这时候如果把第(4)步移到最开头,情况就都变了,先执行第(4)步,class文件里的hello字面量常量就驻留在字符串常量池了。

class NewTest1{
    public static String s ="static";  // (1)
    public static void main(String[] args) {
        String s2 ="hello";  // (4) 先执行这一步,class文件里的hello字面量常量就驻留在字符串常量池了。
        String s1 =new String("he")+new String("llo"); //(2) he和llo照样驻留字符串常量池了。这里拼接的结果是创建了一个新的String对象。
        s1.intern();   // (3) s1引用的hello对象被驻留到了字符串常量池

        System.out.println(s1==s2); // true (5)
        System.out.println(s1 == s1.intern()); // false (6) 证明s1.intern()执行之前,字符串常量池里已经驻留了hello字符串
        System.out.println(s1 == s2.intern()); // false (7)
        System.out.println(s2 == s2.intern()); // true (8)
    }
}

注意看Java虚拟机规范中的这一段:

● The Java programming language requires that identical string literals (that is, literals that contain the same sequence of characters) must refer to the same instance of class String. In addition, if the method String.intern is called on any string, the result is a reference to the same class instance that would be returned if that string appeared as a literal. Thus,
Java代码  收藏代码
("a" + "b" + "c").intern() == "abc"  

must have the value true.

● To derive a string literal, the Java virtual machine examines the sequence of characters given by the CONSTANT_String_info structure.
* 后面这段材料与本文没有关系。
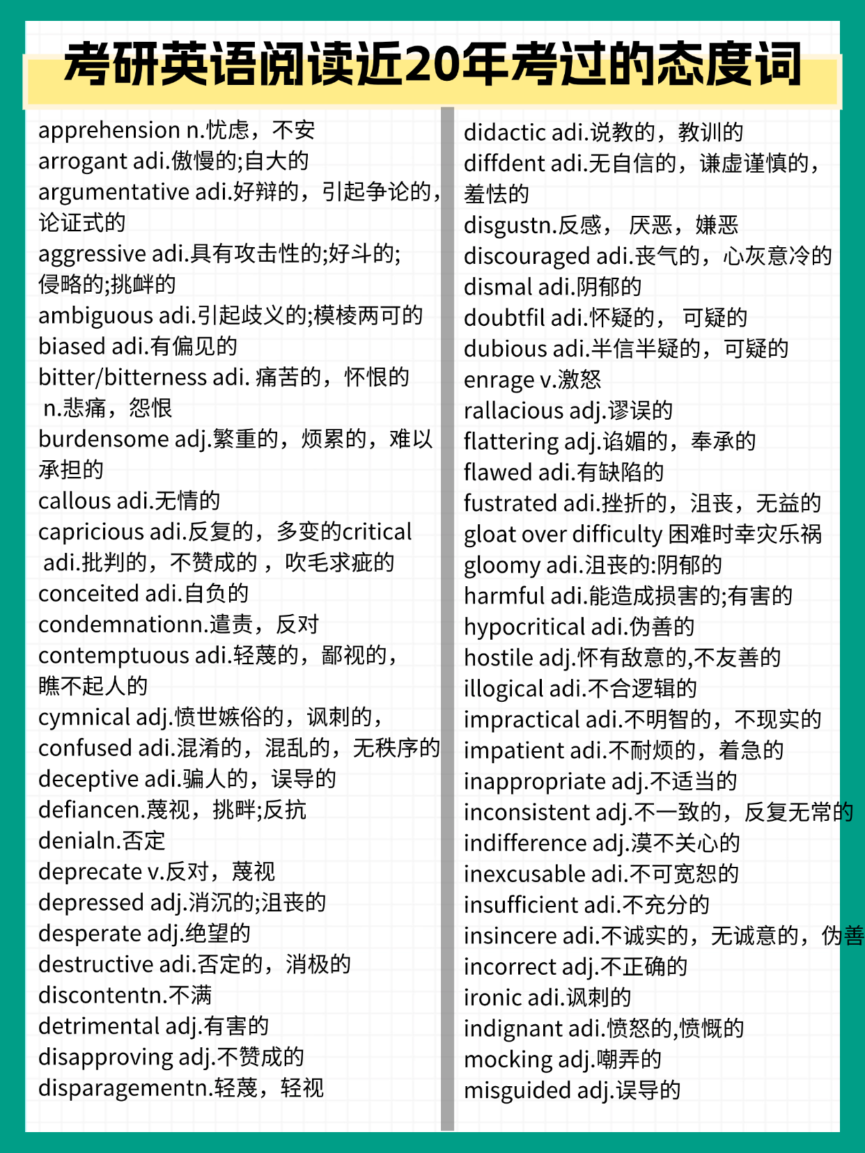 一篇背完考研英语阅读近20年考过的态度词 考研阅读态度词还不太熟练的小伙伴看?过来吖~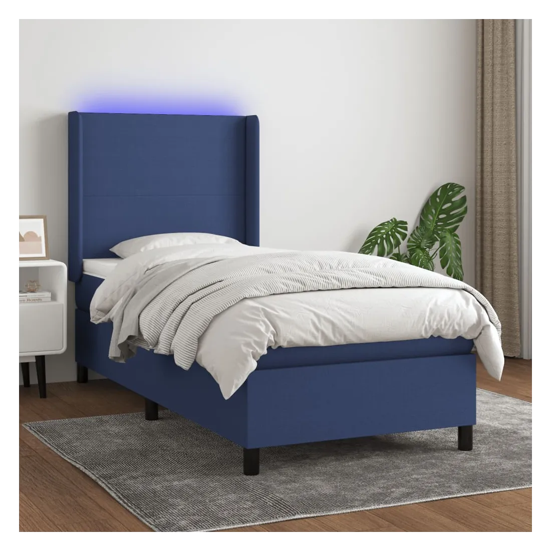 Utilisez ce sommier tapissier avec matelas et LED pour profiter d'un sommeil réparateur ! C'est le point central de votre chambre à coucher. Tissu durable : le tissu présente un aspect simple et épuré, et il est respirant et durable.Tête de lit pratique : la tête de lit est réglable en hauteur selon vos préférences. La tête de lit vous offre un excellent soutien du dos lorsque vous êtes assis dans votre lit pour lire ou regarder la télévision.Bande LED colorée : apportez de l'éclairage dans l'obscurité avec des lumières LED colorées !Matelas à ressorts ensachés : le ressort ensaché individuel intégré est connu pour sa très haute qualité tout en assurant un haut niveau de durabilité et d'adaptabilité. Il peut absorber efficacement le bruit et les chocs causés par les sauts et les rotations.Protège-matelas doux pour la peau : le protège-matelas est recouvert d'un tissu résistant et doux pour la peau, ce qui le rend souple et confortable. Remarque :Pour des raisons d'hygiène, le matelas ne peut pas être retourné si l'emballage est retiré ou ouvert.Seule la partie avec un symbole de ciseaux peut être coupée et seule la partie avec l'USB continuera à fonctionner comme avant.Chaque produit est livré avec un manuel de montage dans la boîte pour un montage facile.Ce produit est doté d'un connecteur USB, mais la source d'alimentation certifiée de USB 5V n'est pas incluse.

  ○ If the method String.intern has previously been called on an instance of class String containing a sequence of Unicode characters identical to that given by the CONSTANT_String_info structure, then the result of string literal derivation is a reference to that same instance of class String.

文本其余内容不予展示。